Task prompt: With the pictures excluded, repeat every entry exactly.

[Records for this task Boundary: Start]

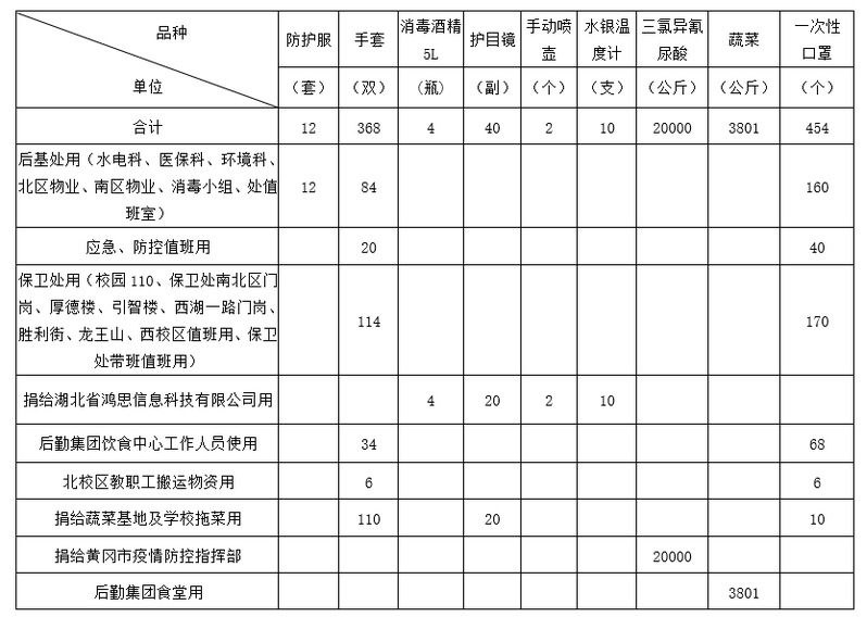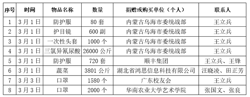 2020年1月26日,黄冈师范学院发布了《黄冈师范学院关于接受抗击新冠肺炎爱心捐赠的通告》,各校友分会、广大校友、在校师生、社会爱心人士情系黄师,纷纷捐款捐物。现将2月29日18点—3月3日18点接受的物资捐赠情况、资金捐赠情况、物资使用情况和捐赠资金使用情况公示如下:
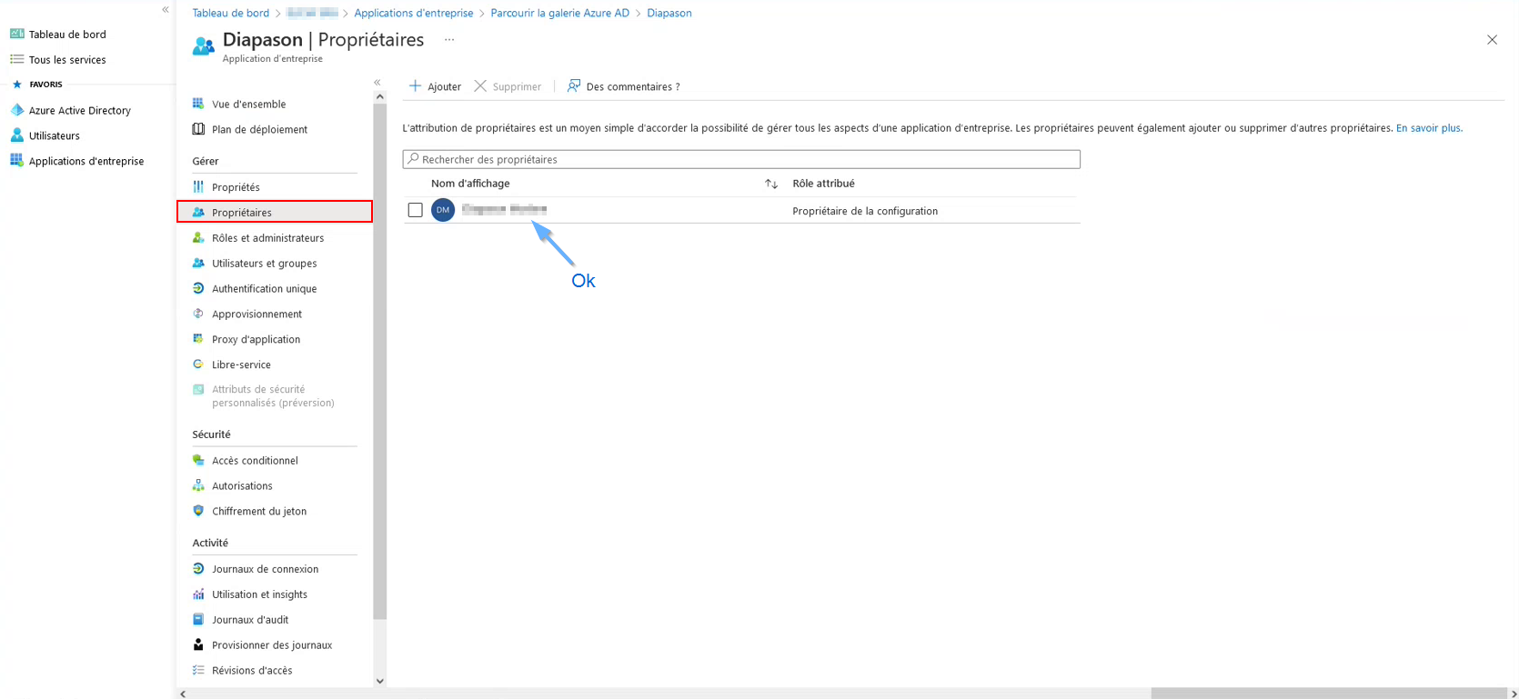 Le propriétaire doit maintenant apparaitre dans la liste
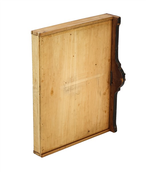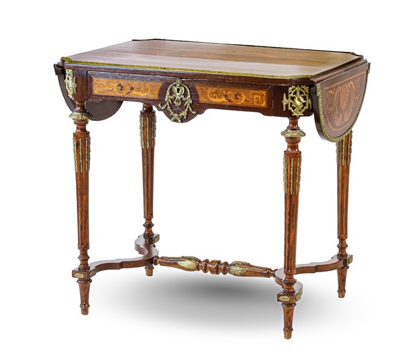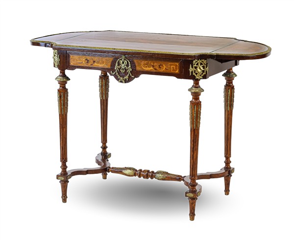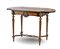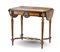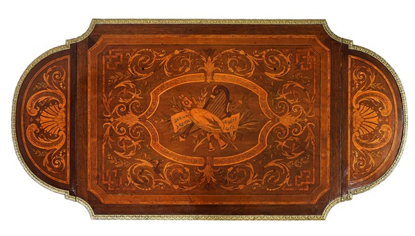 Tavolino da centro a bandelle impiallacciato e intarsiato in legni vari a trofeo di strumenti musicali entro riserva a volute fogliacee e valve di conchiglia, un cassetto nella fascia, gambe scanalate e raccordate da traversa sagomata. Guarnizioni in metallo dorato. Secolo XIX (cm aperto 113x73x57
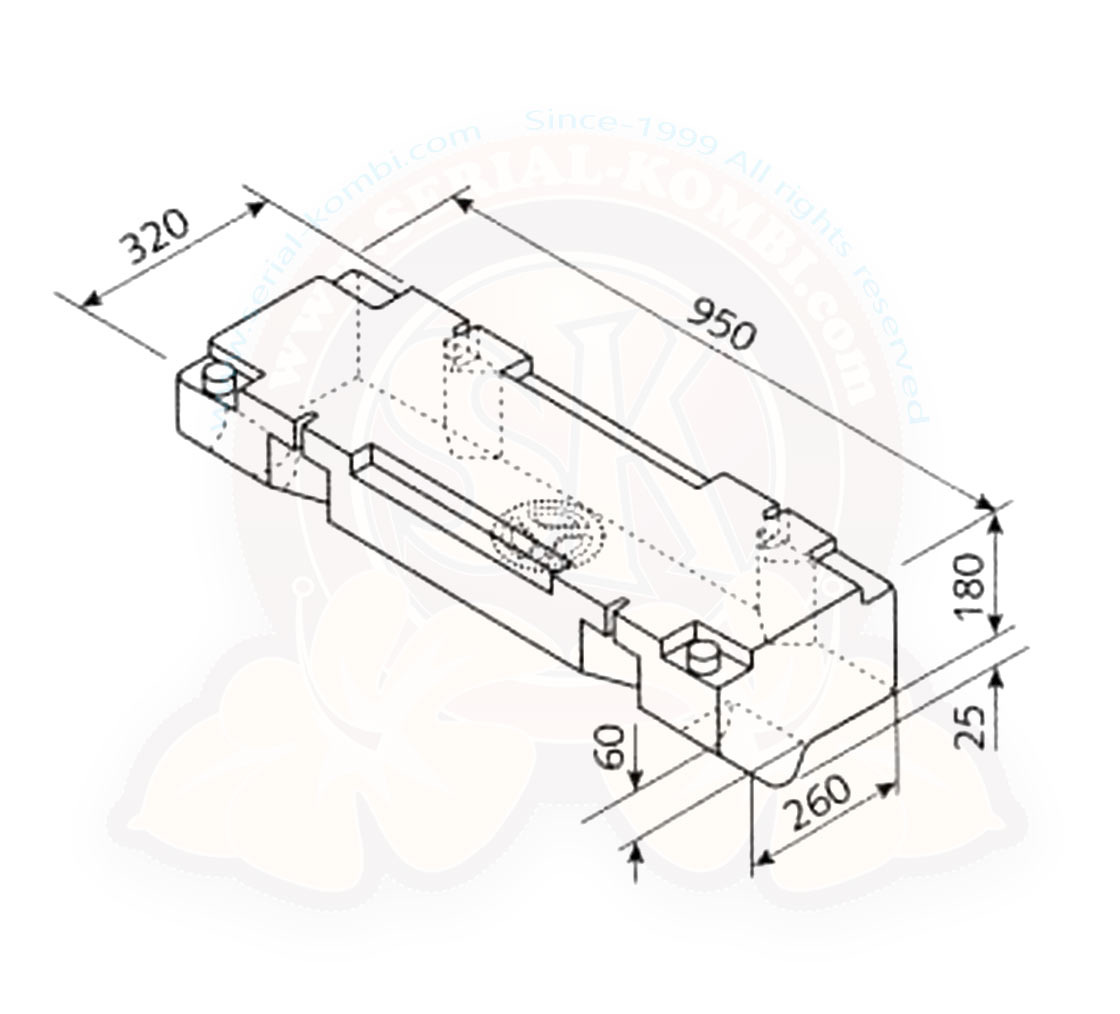 Depósito de agua exterior bajo chasis, plástico alimenticio 45 ltrs. 95 x 32 x 20,5 cm de alto 5/1979-7/1992
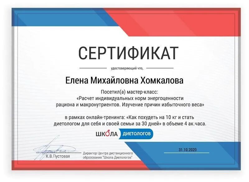 - Школа диетологов, мастер-класс «Расчёт индивидуальных норм энергоценности рациона и макронутриентов. Изучение причин избыточного веса», 2020 г.
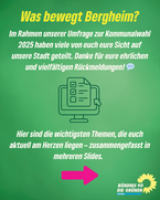 Im Frühjahr 2025 haben wir eine Umfrage in Bergheim durchgeführt, um die Perspektiven, Wünsche und Herausforderungen der Bürger*innen zu erfahren. Insgesamt haben 58 Menschen teilgenommen und Einblicke in ihr Wohnumfeld, ihre Bedürfnisse und Ideen für eine lebendigere Stadt gegeben
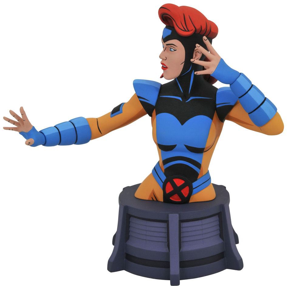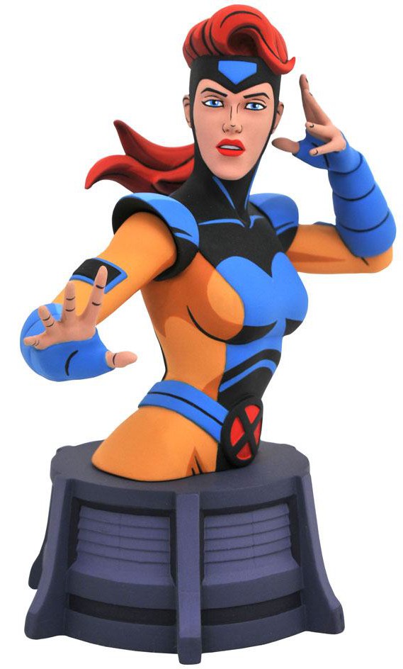 A Diamond Select Toys release! The groundbreaking animated-style line of X-Men busts continues with the X-Men's resident redhead, Jean Grey! Looking like she just stepped off the screen from the hit cartoon, Jean focuses her telepathic abilities in this 6-inch resin bust, featuring detailed sculpting and animation-inspired paint details. Limited to only 3,000 pieces, it comes packaged in a full-color window box with a certificate of authenticity.
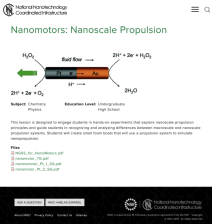 This lab, presented by the National Nanotechnology Coordinated Infrastructure, covers the concept of nanomotors. Students will learn about nanometers through hands-on experiments which "explore nanoscale propulsion principles and guide students in recognizing and analyzing differences between...

[Records for this task Boundary: End]

Output of the exercise:
 2020年1月26日,黄冈师范学院发布了《黄冈师范学院关于接受抗击新冠肺炎爱心捐赠的通告》,各校友分会、广大校友、在校师生、社会爱心人士情系黄师,纷纷捐款捐物。现将2月29日18点—3月3日18点接受的物资捐赠情况、资金捐赠情况、物资使用情况和捐赠资金使用情况公示如下:
 Le propriétaire doit maintenant apparaitre dans la liste
 Tavolino da centro a bandelle impiallacciato e intarsiato in legni vari a trofeo di strumenti musicali entro riserva a volute fogliacee e valve di conchiglia, un cassetto nella fascia, gambe scanalate e raccordate da traversa sagomata. Guarnizioni in metallo dorato. Secolo XIX (cm aperto 113x73x57
 Depósito de agua exterior bajo chasis, plástico alimenticio 45 ltrs. 95 x 32 x 20,5 cm de alto 5/1979-7/1992
 - Школа диетологов, мастер-класс «Расчёт индивидуальных норм энергоценности рациона и макронутриентов. Изучение причин избыточного веса», 2020 г.
 Im Frühjahr 2025 haben wir eine Umfrage in Bergheim durchgeführt, um die Perspektiven, Wünsche und Herausforderungen der Bürger*innen zu erfahren. Insgesamt haben 58 Menschen teilgenommen und Einblicke in ihr Wohnumfeld, ihre Bedürfnisse und Ideen für eine lebendigere Stadt gegeben
 A Diamond Select Toys release! The groundbreaking animated-style line of X-Men busts continues with the X-Men's resident redhead, Jean Grey! Looking like she just stepped off the screen from the hit cartoon, Jean focuses her telepathic abilities in this 6-inch resin bust, featuring detailed sculpting and animation-inspired paint details. Limited to only 3,000 pieces, it comes packaged in a full-color window box with a certificate of authenticity.
 This lab, presented by the National Nanotechnology Coordinated Infrastructure, covers the concept of nanomotors. Students will learn about nanometers through hands-on experiments which "explore nanoscale propulsion principles and guide students in recognizing and analyzing differences between...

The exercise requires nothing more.